## Information shown
- - - - - - -

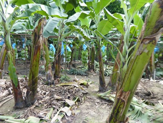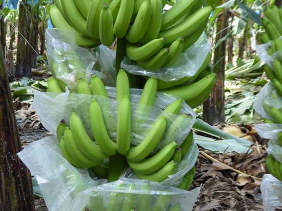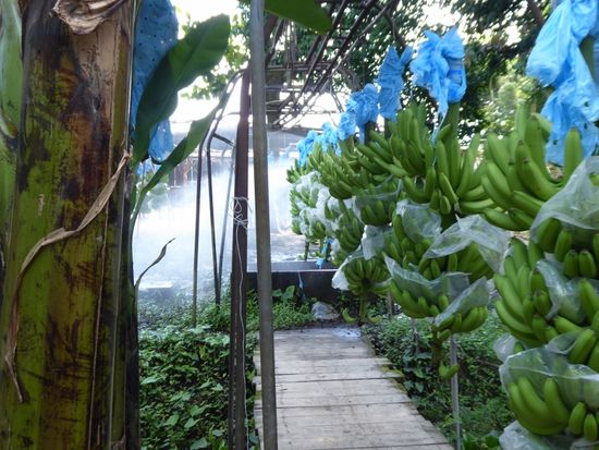 Mitten über die Strasse fährt eine Bahn, die die schweren Bananenstrauden transportiert. Den Früchten werden schon früh blaue Plastiksäcke überstülpt, in denen sie dann zu ihrer imposanten Grösse wachsen. Ausgewachsen, aber noch grün werden sie geerntet. Die Banane wächst das ganze Jahr und die Plantagen sind so angelegt, dass immer irgndwo geerntet werden kann.
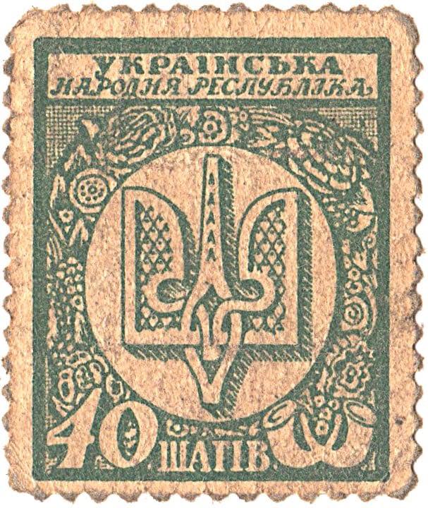 Розмінна марка номіналом 40 шагів часів Української народної республіки з зображенням тризуба.
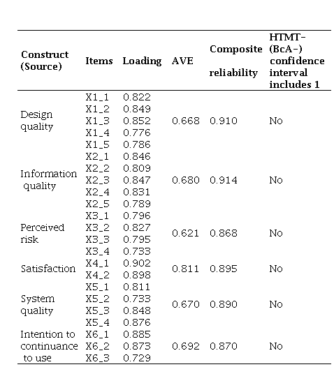 Table 2 presents the results of the reliability and validity test. All measures meet the quality criteria: factor loadings are greater than 0.7, average variance extracted is greater than 0.5, and composite reliability is greater than 0.7. Furthermore, all constructs showed sufficient levels of discriminant validity according to the heterotrait-monotrait (HTMT) criterion (Hair et al., 2017).
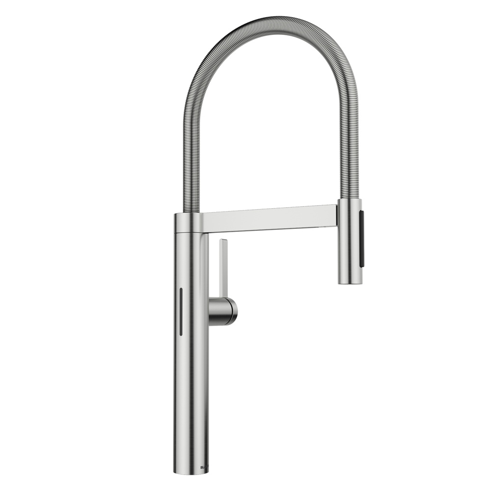 Wave goodbye to messy fingerprints and germs with BLANCO’s iconic semi-pro sensor kitchen faucet. Designed to streamline your kitchen routine and offers an optimal solution for effortless meal prep and clean-up, the BLANCOCULINA II Sensor faucet features motion-sensor technology with two sensors at intuitive access points; the pot filling sensor streamlines meal prep, and the handwashing sensor prevents spreading mess with touchless motion. Use cleaning mode to lock water flow. Beautifully constructed of solid brass, this faucet enhances performance with iconic style. Easily pair the CULINA Sensor faucet with a BLANCO sink, accessories and organization for the ultimate home-chef BLANCO UNIT.

- - - - - - -

## Exercise instructions
From the first line above to the line containing "Розмінна марка номіналом", repeat each line exactly. Pictures stay out.

## Solution
 Mitten über die Strasse fährt eine Bahn, die die schweren Bananenstrauden transportiert. Den Früchten werden schon früh blaue Plastiksäcke überstülpt, in denen sie dann zu ihrer imposanten Grösse wachsen. Ausgewachsen, aber noch grün werden sie geerntet. Die Banane wächst das ganze Jahr und die Plantagen sind so angelegt, dass immer irgndwo geerntet werden kann.
 Розмінна марка номіналом 40 шагів часів Української народної республіки з зображенням тризуба.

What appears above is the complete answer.